In addition to generalizing scoring matrices every bit log-odds matrices, Altschul (1991) also showed that log-odds scoring matrices have an associated information content (relative entropy), or score per aligned position ("bits-per-position"). "Bits-per-position" can exist used to estimate the number of aligned residues required to produce a statistically significant score. Shallow scoring matrices (e.g., PAM/VTML 10, PAM/VTML 20, or PAM/VTML forty) take higher information content than deep matrices (BLOSUM62, PAM25), which ways that a shorter alignment (10 - 50 residues) can produce a more statistically significant score. At the same time, shallower matrices tend to produce college identity alignments, because they give college positive scores to identities and more negative scores to replacements (Table one, Fig. ii). For example, if an alignment needs a l-bit score to exist pregnant in a database search (Unit three.1), and the boilerplate fleck score for BLOSUM62 is about 0.4 bits per aligned position (Table ane), then near 50/0.four=125 residues must exist included in the alignment. In dissimilarity, the VT20 matrix provides near 3.three bits per aligned position, so even a fifteen residue alignment tin can be pregnant. Thus, in a large-calibration similarity search that needs a 50 bit score for statistical significance, domains shorter than 125 amino acids, or Deoxyribonucleic acid exons shorter than 375 residues, often would non produce statistically meaning scores with BLOSUM62, the default matrix used by BLAST, while exons shorter than fifty residues tin easily be detected with VT20.

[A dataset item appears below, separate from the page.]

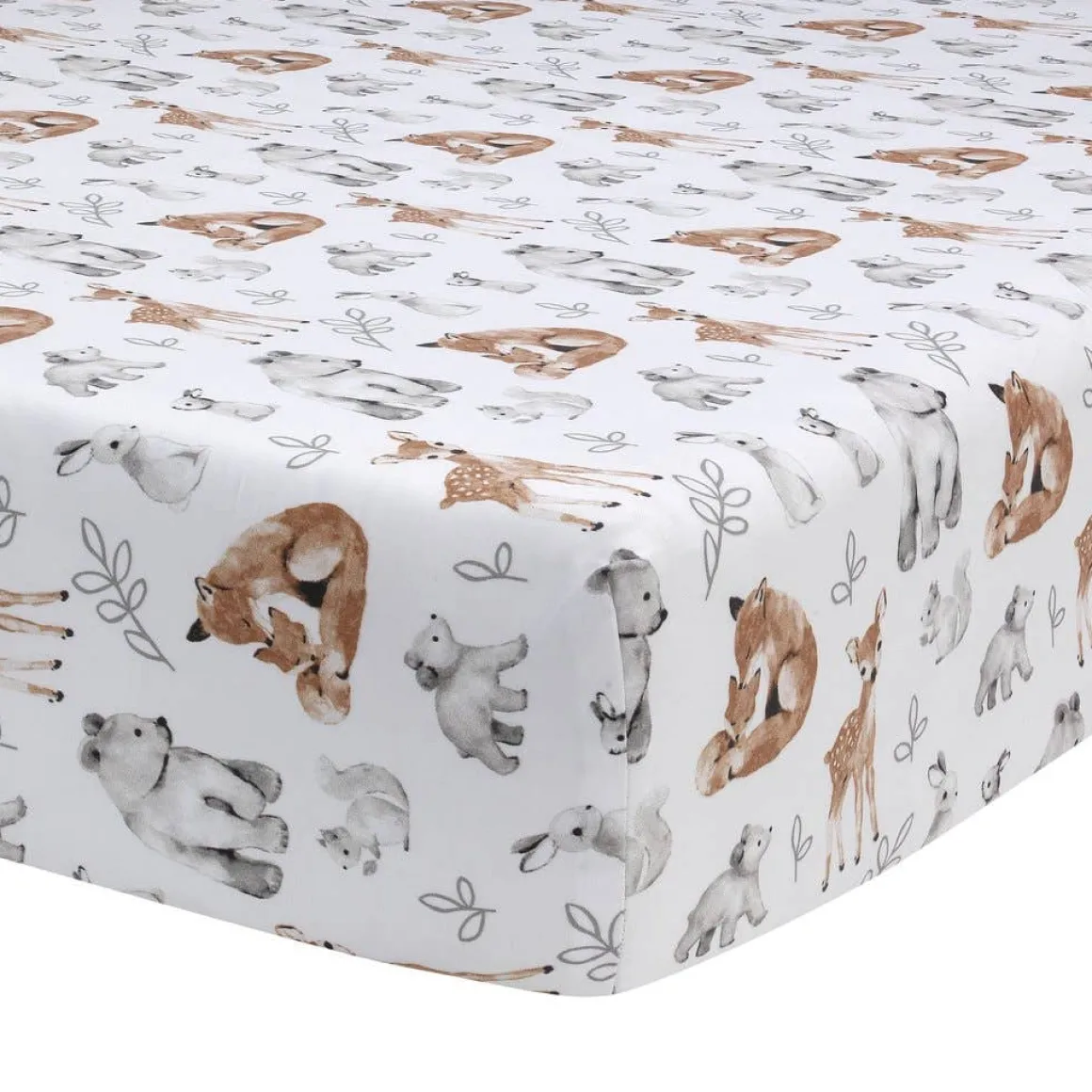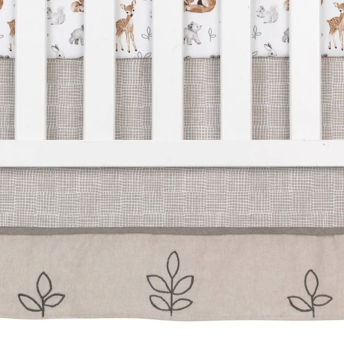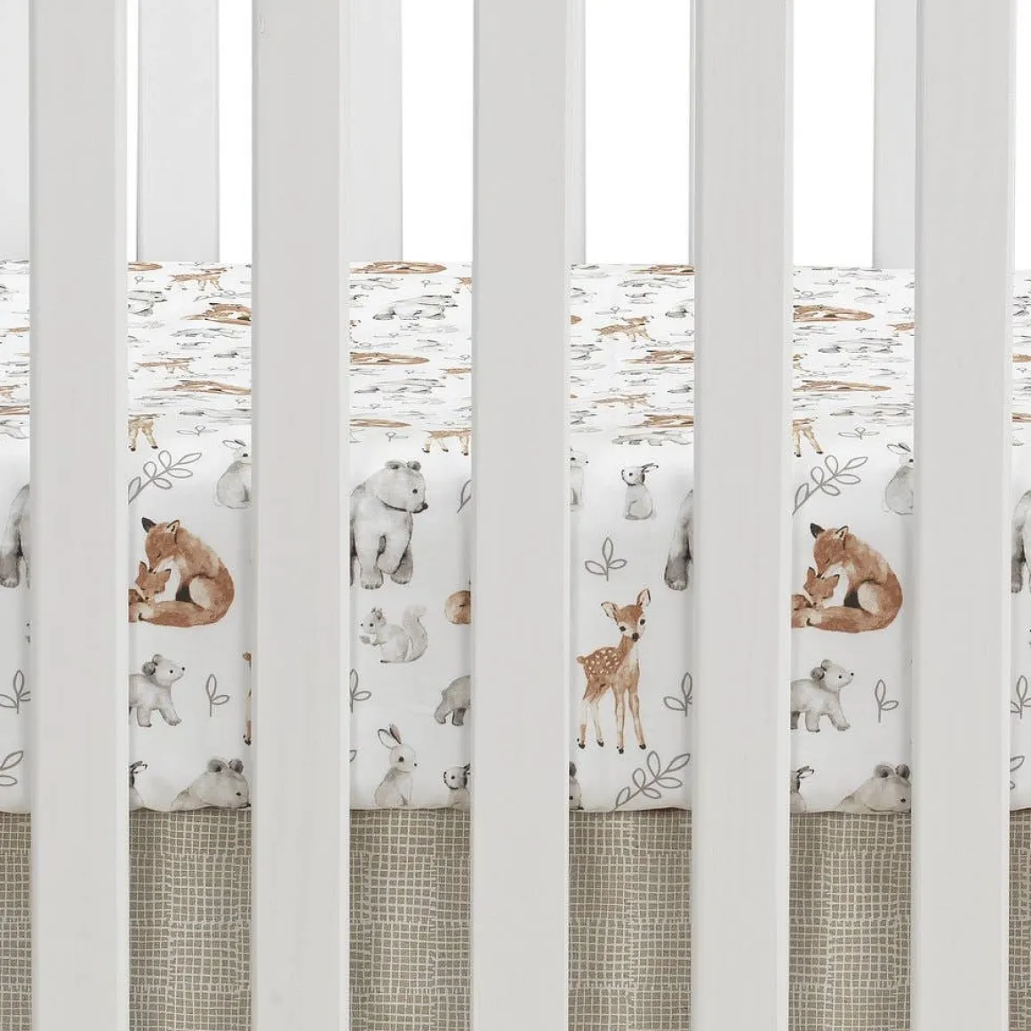Welcome your little one home with a charming nursery filled with friendly forest water colored painted animals. Mommy and baby bears, foxes, and bunnies lovingly interact with each other. A delicate deer and a happy little squirrel join in the fun. The four-piece set includes one quilt, one 100% cotton fitted crib sheet, one crib skirt and one wearable blanket. Beautiful textured fringe, embroidered leaves and a modern chevron border decorate this adorable 100% cotton sateen bedding set. An embroidered leaf design is featured on the front of the crib skirt and the cotton fitted crib sheet features sweet watercolor forest animals. Included in the bedding set is a 100% cotton wearable blanket with a little furry white bear on the front corner next to baby’s heart. It fits a 10 to 18 pound baby and is recommended for safe sleep.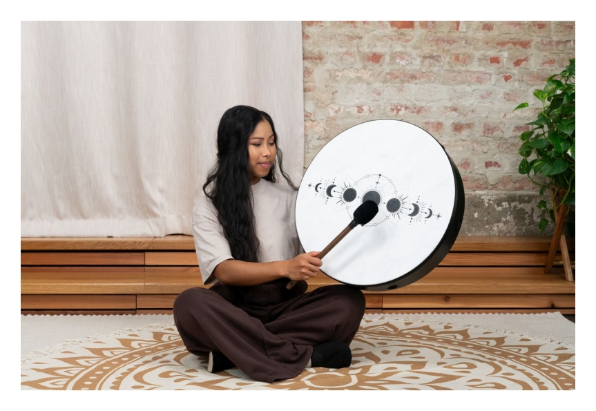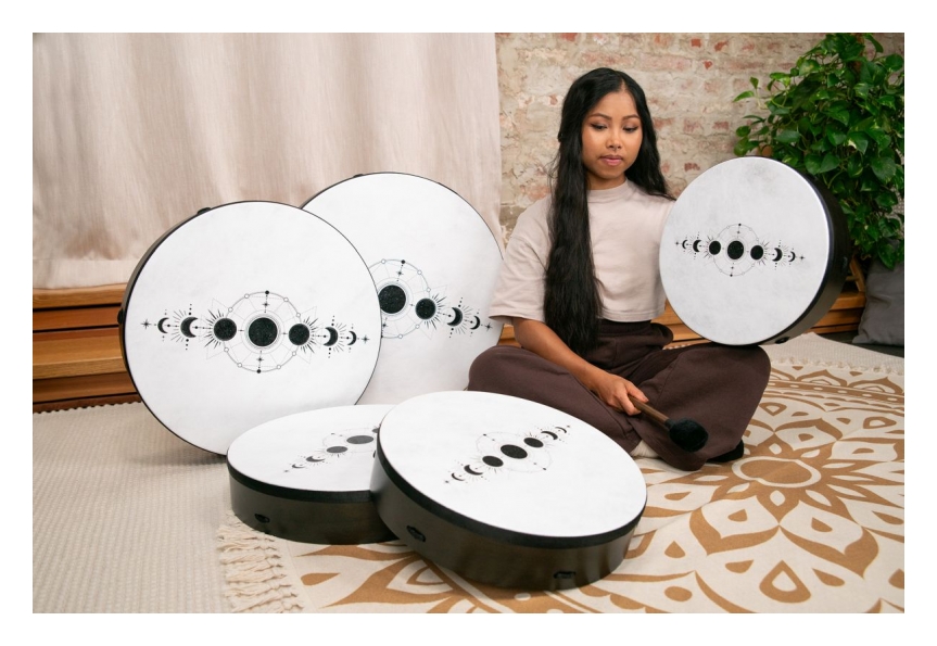 'Los tambores Meinl Sonic Energy Ritual Drums garantizan una resonancia notable que atrae sus sentidos durante baños de sonido, toma de tierra o sesiones musicales. La calidez innata y la profunda riqueza tonal transforman cada golpe en un encuentro fascinante, que abarca surcos rítmicos hasta latidos similares a los de un corazón. Da rienda suelta a tu creatividad y forja tus ritmos únicos usando el mazo provisto, mientras exploras el cautivador potencial de estos tambores. Cordón cruzado para un perfecto agarre,,Tonos profundos y cálidos,,Perfecto para sesiones de conexión a tierra y baños sonoros,,Símbolo de las fases de la luna,,Vegano. Tamaños20'' x 3,5'', 50,8 cm x 8,9 cm'

An external file that holds a picture, illustration, etc. Object name is nihms-533669-f0002.jpg

Comparison of a "shallow" (VTML xx) and "deep" (BLOSUM62) scoring matrix

Both matrices are scaled in 1/2-bits. For the small part of the matrices shown hither, the VTML20 matrix produces an average ii.lxxx half-flake identity score, and an average −0.59 non-identical score (weighted by amino-acrid affluence). In dissimilarity, BLOSUM62 produces 1.86 for identities only only −0.06 for non-identities. Thus, VTML20 targets shorter, college-identity alignments, because it penalizes non-identities much more than strongly.

"Shallow" scoring matrices accept more data content because they give more positive scores to identities and more negative scores to not-identical replacements past varying the q_i,j term in the log-odds matrices (the p_ip_j values practise not depend on evolutionary distance). From the evolutionary perspective, sequences that have diverged for less time, e.g., 10 – 20% modify, will have more identical residues and fewer replacements simply considering at that place has been less time for the sequences to change. Alternatively, sequences that take less than 25% identity because of a large amount of change will have many fewer identities and many more conservative replacements (PAM200 sequences will be less than 25% identical, on average). The numerical ground for this deviation can exist seen in Fig. 2, which compares parts of a "shallow" (VTML xx) and "deep" (BLOSUM62) matrix. Thus, in improver to differing in data content, scoring matrices have range of target percent identities and alignment lengths (Table i). Shallower scoring matrices produce shorter, more identical alignments, considering they give more negative scores to not-identical aligned residues. "Deeper" scoring matrices produce longer alignments with lower percentage identities considering the punishment for a mismatch is much lower and more conservative non-identities get positive scores.

In practise, the relationship between scoring matrix evolutionary distance, information content, percentage identity, and alignment length suggests two reasons for changing from the BLOSUM62 and BLOSUM50 matrices used by BLASTP and SSEARCH/FASTA. Kickoff, one should change to a shallower matrix when looking for short alignments. We need a shallower scoring matrix for short domains, short exons, or short DNA reads because deep scoring matrices like BLOSUM62 practise not have enough information content to produce significant scores. Short alignments crave shallow scoring matrices.

One should besides use a shallower scoring matrix when looking for orthologs – sequences that differ because of speciation events and are probable to share like functions – betwixt "relatively" closely related organisms (100 – 500 My). Poly peptide sequence comparison algorithms are very sensitive; BLASTP and SSEARCH routinely find significant alignments between human and yeast (one.2 meg year divergence) or homo and E. coli (>two.4 million years). Because of this sensitivity, a mouse-human comparing oft reports not only the orthologs (sequences that diverged at the primate/rodent dissever 80 million years ago) simply also dozens of more distantly related paralogs that may have diverged 200 – 2,000 million years ago. Mouse and human orthologs share most 83% amino-acid identity, thus for mammals, the VTML 20 matrix is expected to find all orthologs and paralogs that have diverged over the past 200 One thousand thousand years, but the matrix is much less likely to identify paralogs that share less than forty% sequence identity (divergence time > one,000 Million years).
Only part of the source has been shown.